Data Introduction & Preparation
Data Introduction
The dataset is from UCI. It’s collected from a survey of faculty members of two universities which are UOC and UPF. In this dataset, we’ve 53 attributes and 913 records. These 53 attributes can be divided into two parts, the first one is about the faculty member’s personal information while the second part is the feedback of a series of Likert Scale Questions regarding to a wide range of user experience of Wikipedia. The raw data is looking like this:
Data Preparation
While this dataset is quite massive, we would like to do some clean works first. Several steps are taken, they are:
- Import the raw set into Excel
- Build two category variables named “AGE-GROUP” and “YEARS-GROUP”. They are grouped from “AGE” and “YEARSEXP” which are two interval columns.
- Replace the index number of “GENDER”, “Domain”, “PhD”, “UNIVERSITY”, “UOC_POSITION”, “OTHER_POSITION”, “OTHERSTATUS” and “USERWIKI” with readable English words according to data dictionary.
- Generate a new category variable named “POSITION” from “UOC_POSITION” and “OTHERSTATUS”. The logic is: If UOC_POSITION != ?, then POSITION = UOC_POSITION, else POSITION = OTHERSTATUS.
- Replace the missing values of all interval variables with the mean of that specific variable.
- Calculate the total score of the survey for each person. It’s calculated by the sum of all answers divided by 215(which is the full mark of this survey). So we can know that this variable is actually a percentage number which can generally represents to a person’s perceiving on Wikipedia.
- As the survey is actually divided into 13 kinds of questions, we would like to calculate the average score a person give to a specific kind of questions. Thus, we’ve built 13 new variables which are the average of answers belong to different part.
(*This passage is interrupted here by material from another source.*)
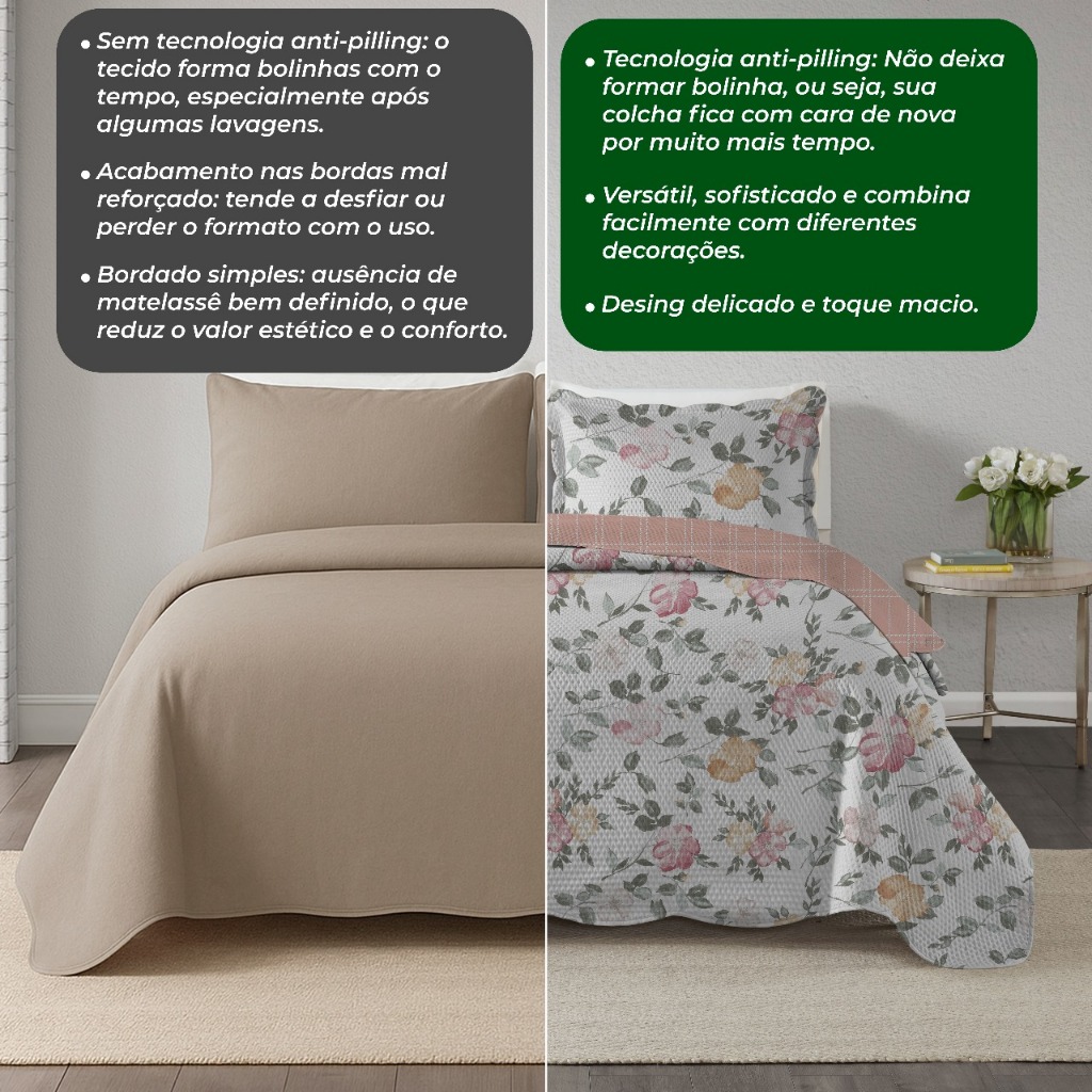 Colcha Paris Corttex Solteiro – 2 Peças 🛏️ Renove o visual do seu quarto com a Colcha Paris Corttex, inspirada no charme da cidade luz. Ideal para quem busca beleza, conforto e praticidade no dia a dia. Produzida com materiais de alta qualidade, possui toque macio e ótimo acabamento, deixando a cama sempre organizada e aconchegante. Acompanha porta-travesseiro coordenado, garantindo um visual harmonioso. ✔ Produto 100% original Corttex ✔ Ideal para uso diário ✔ Design elegante e moderno Conteúdo da Embalagem: 1 Colcha Solteiro – 2,20 m x 1,80 m 1 Porta-travesseiro – 50 cm x 70 cm ❓ Perguntas Frequentes (FAQ) • O produto é original? Sim. Produto original Corttex. • Serve em cama de solteiro padrão? Sim, as medidas são compatíveis com cama de solteiro padrão. • Acompanha travesseiro ou enchimento? Não. Acompanha apenas o porta-travesseiro (capa). • Pode ser lavado na máquina? Sim. Recomendamos seguir as instruções da etiqueta. • As cores são iguais às fotos? As imagens são ilustrativas e podem apresentar leve variação de tonalidade conforme a tela. 🏷️ Tags #colchasolteiro #colchacorttex #colchaparis #enxoval #decoraçãoquarto #camasolteiro #produtooriginal

- Delete the rows who have miss values on category variables.
- Delete unnecessary variables such as the answer for each question since we’ve generated new variables which can represent them.
Finally, we’ve a cleaned data set like this:
Approaches
What are the participants’ distribution?
To explore the distribution of the participants, we choose to use a parallel set to help us. The result is like this:
From this graph, we can roughly understand the details of our participants in this survey. From the perspective of age, participants from group 30s to 50s have consist for 91% while other two groups only take about 9%. In the perspective of domain, except “Else”, participants from arts & humanities have taken about 20% while others are taken less than 15% respectively. Another significant label is university as almost 88% of participants are came from UOC. For participants’ position, most of them are adjuncts which have taken 73%.
Who and which kind of people are more likely to give higher overall evaluation score to Wiki?
With so many attributes, it's not easy to answer this problem with normal visualization graphs. So we choose to build a tree map to solve this question. The tree map is like this:
The colour for each square represents to the average of total evaluation percentage for that specific sub-set. The deeper the colour is, the higher the average evaluation is. Squares from left part belong to male while the rest belong to female. We could find that the overall depth of colour from the left part is deeper than the same from the right part. It means that males are more likely to give high evaluation results to Wikipedia. Another significant finding is that faculty members who are less than 30 years old have given the highest evaluation result to Wikipedia.